SPetty wrote:Today I learned that a quarter pound stick of butter (4 ounces) is a half cup (8 ounces) when measuring by volume. What's kind of boggling about it is that you consider butter to be a fairly dense food (solids are more densely packed than liquids, right?), yet it weighs less than an equal amount of water?
Indeed, butter floats which means it is lighter than water, but still the numbers do not seem to match.tollbaby wrote:fat is lighter than water... that's why it floats
One quater pound (453.6/4) = 113.4 grams of butter of density .911 is 124.5 mLs.
A fluid ounce is 29.57 mLs (so a fluid ounce of water weighs more than one ounce=28.35 g) so the volume of a quater pound of butter should be only 4.2 fluid ounces, more than 4 certainly, but still far from 8.

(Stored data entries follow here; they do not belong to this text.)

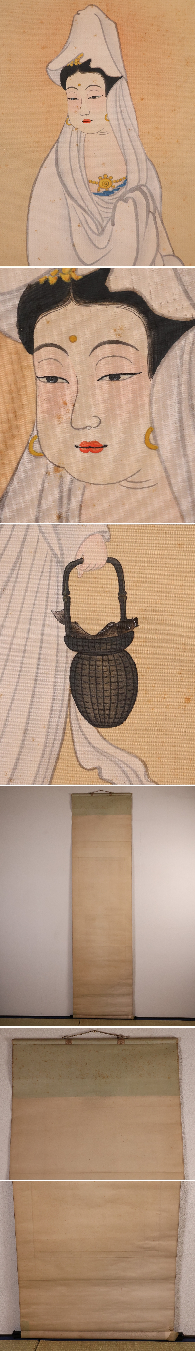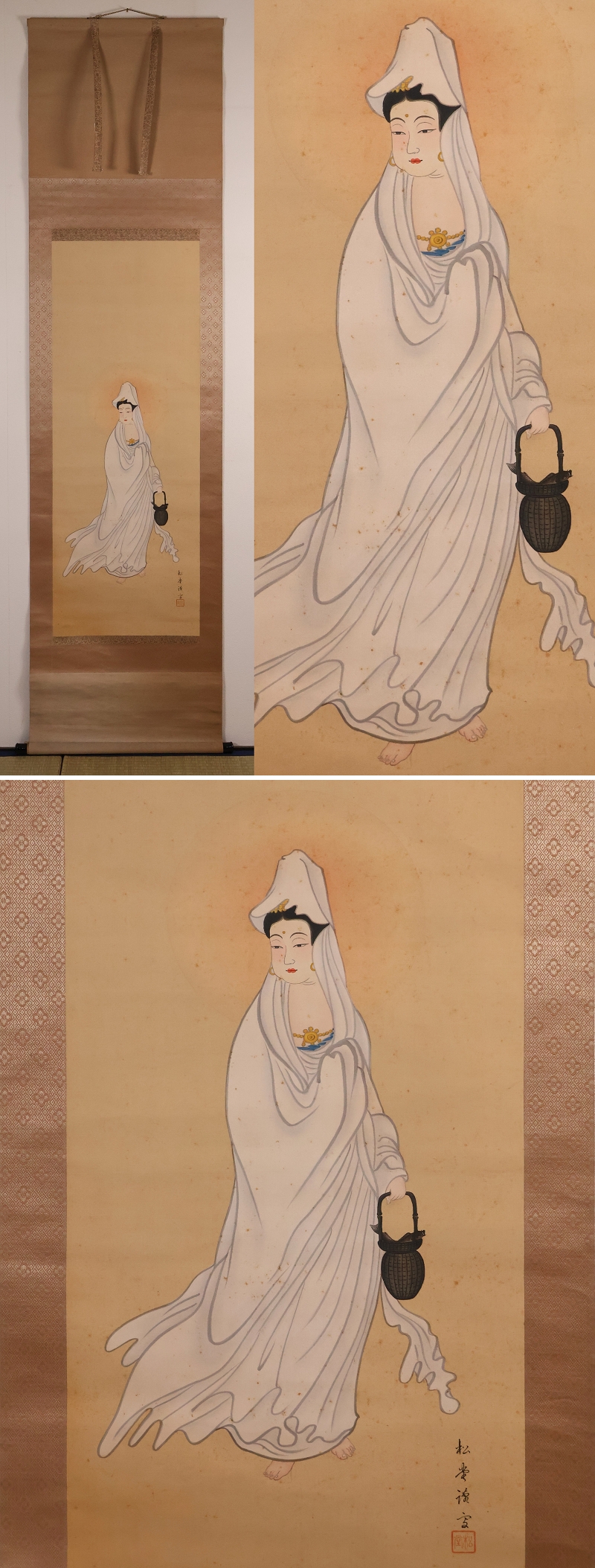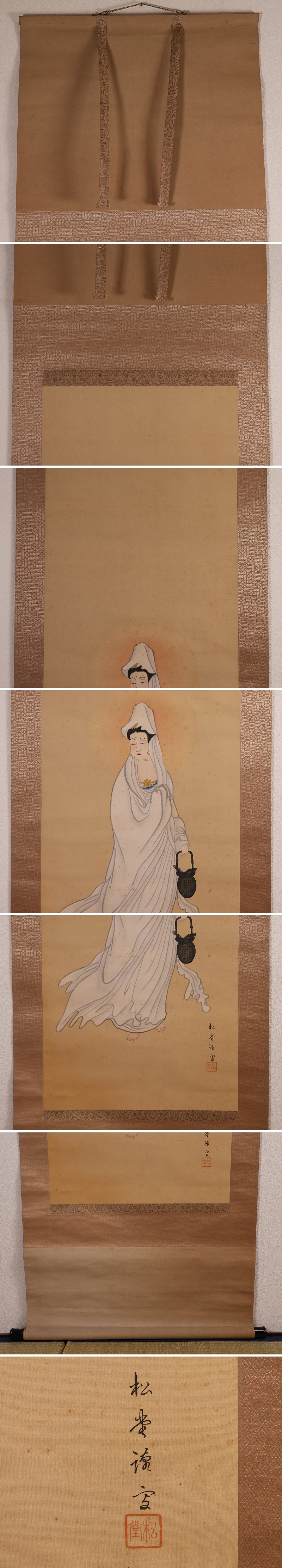 ◇【模写】日本画 魚籃観音像 在銘 松堂 絹本 掛軸 木箱入り 仏画 仏教美術 MB233◇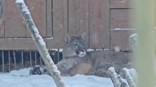 Пума Бостон играет и отдыхает на снегу. ПАРК ЗЕМЛЯ ПРАЙДА 🌿
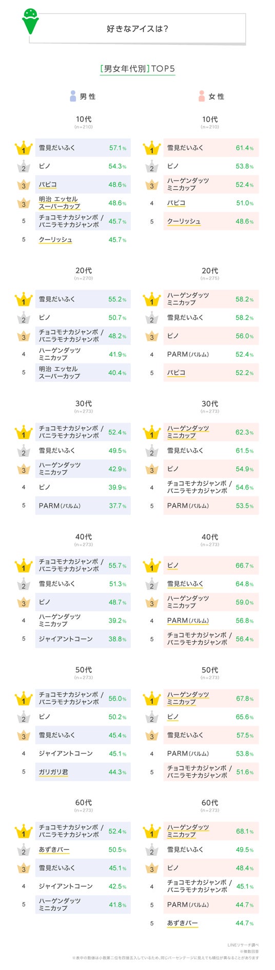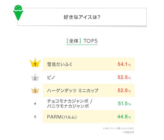 【LINEリサーチ】好きなアイスTOP3は「雪見だいふく」「ピノ」「ハーゲンダッツ ミニカップ」が5割強の僅差。男女では傾向が異なる結果に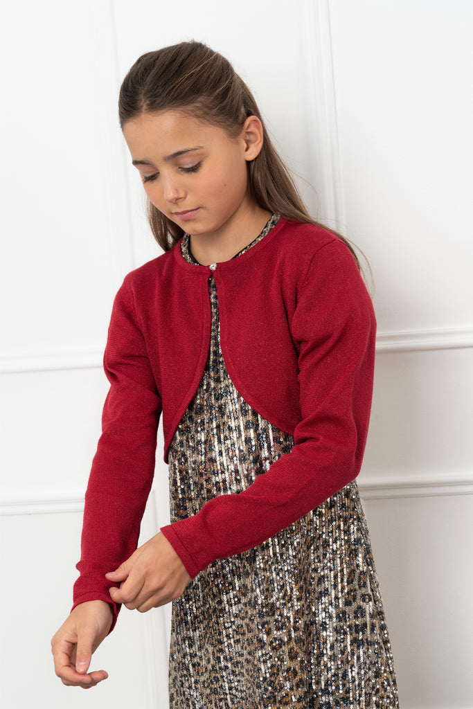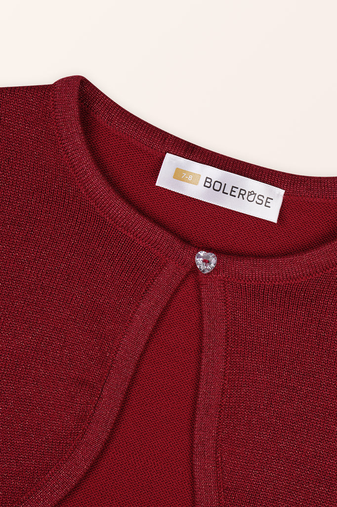 Add a little sparkle to their outfit with this stunning long sleeve bolero. The material of this shrug is intertwined with a beautiful yet subtle glittery thread making it feel that extra bit special. The bolero is also finished with a cute diamante heart-shaped button fastening at the neckline. Perfect for all types of occasions including bridesmaids at weddings, parties, and special evenings!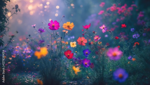 Colorful Cosmos Flowers Blooming in a Magical Blurred Garden with Fog and Soft Lighting Creating a Dreamy Atmosphere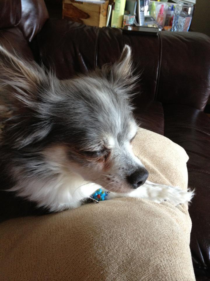 All tuckered out after her big walk with Papa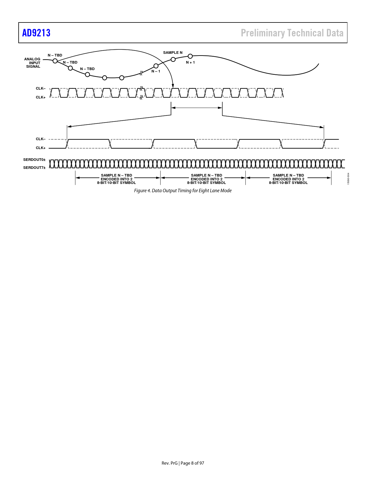 AD9213. Preliminary Technical Data. SAMPLE N. N – TBD. ANALOG. INPUT. N + 1. SIGNAL. N – 1. CLK–. CLK+. SERDOUT0±. SERDOUT7±. SAMPLE N – TBD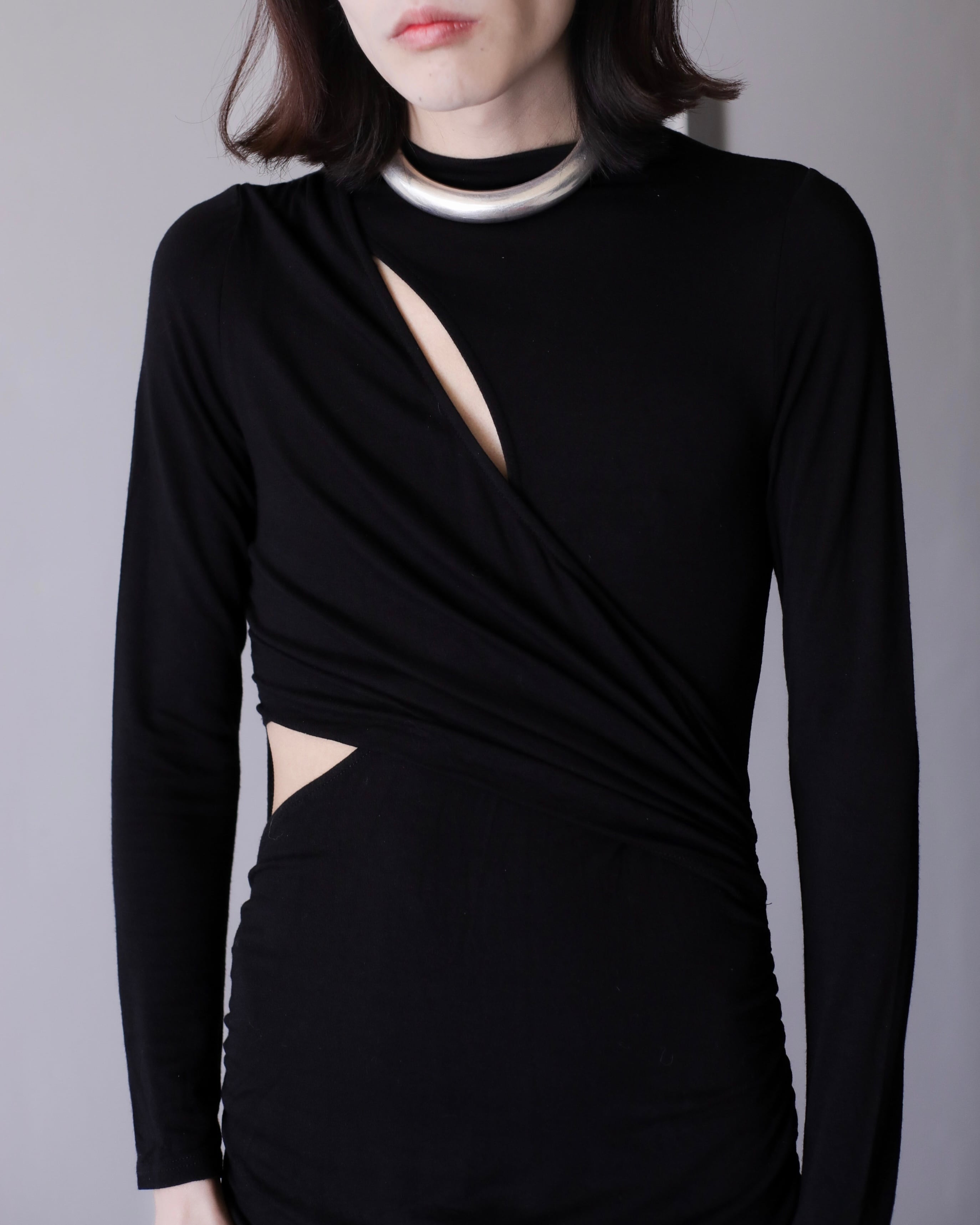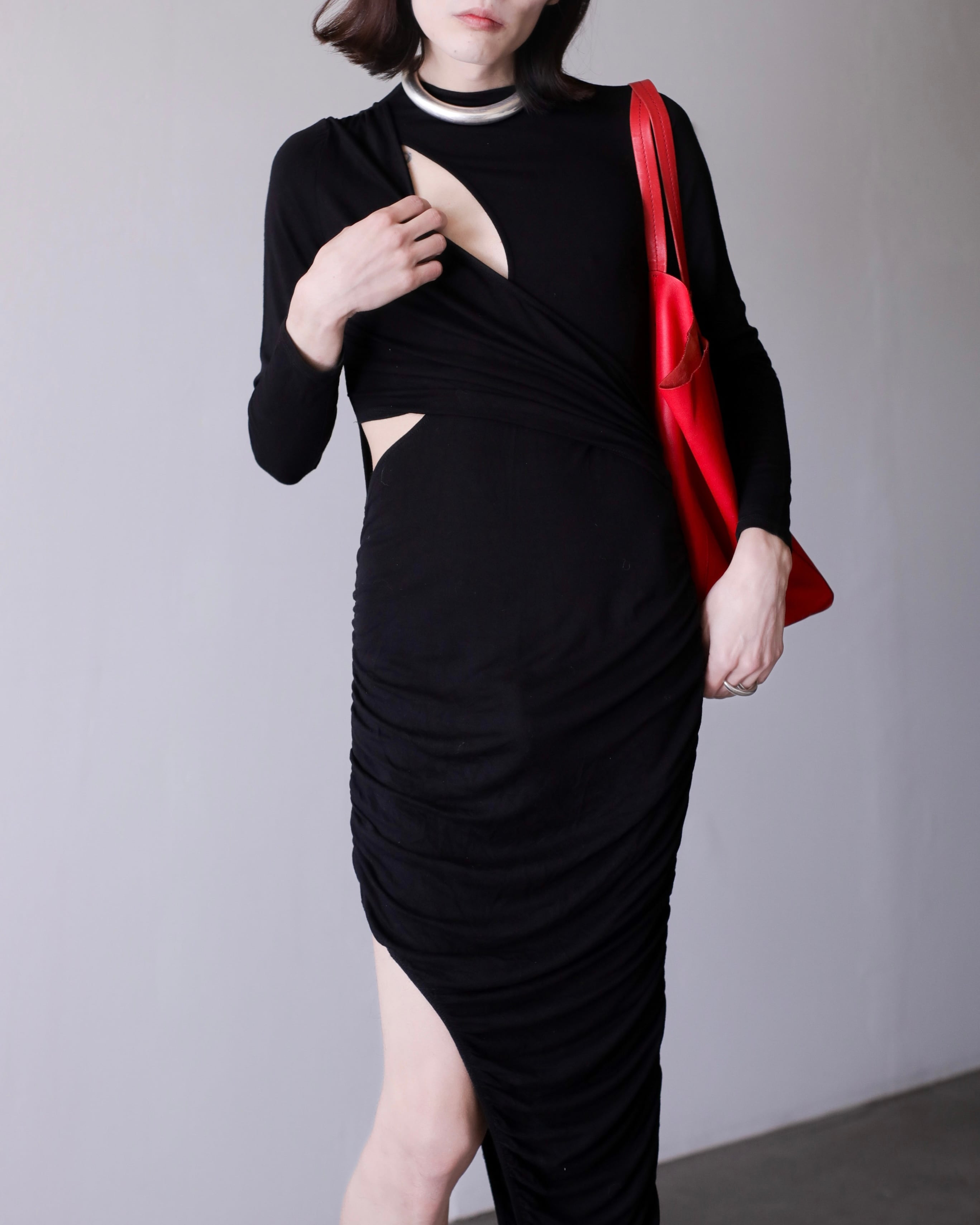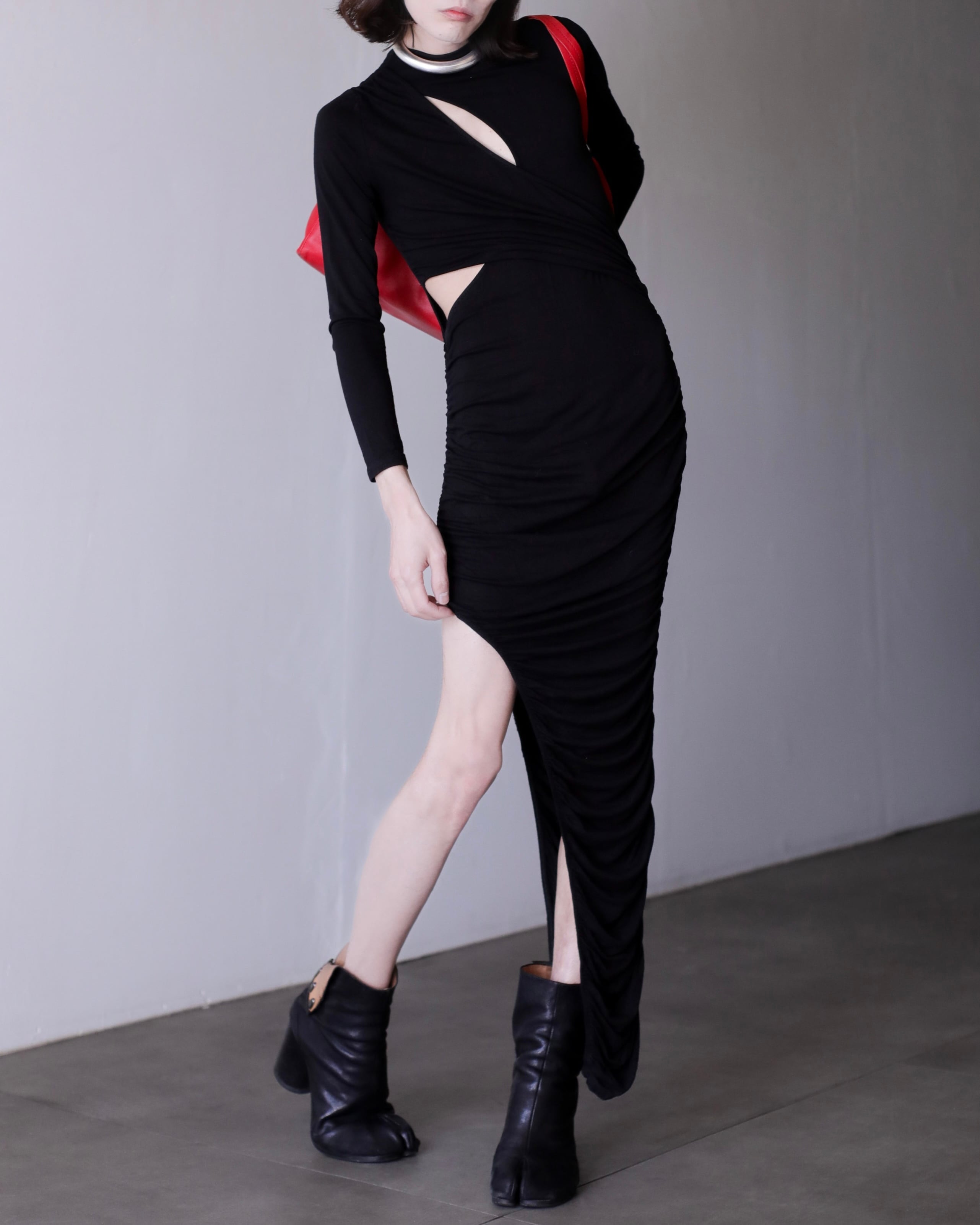 1980s cut out design asymmetry shirring hi-gauge maxi length dress Made In USA

Although there is such things as a "dry quart" and a "dry pint" there is no "dry ounce".
But since a dry pint is 550.6 mL, the volume of one quater pound is 0.226 "dry pint" thus less than a quater "dry pint", while 4.2 fluid ounces are more than the quater of a (fluid) pint of 16 fl oz.
Do not always assume solids are less packed than liquids. Most usual metals (iron, copper, zinc, to say nothing of aluminum, of course) float on mercury. Gold, on the other hand, would sink... until it is attacked by the mercury to form amalgam.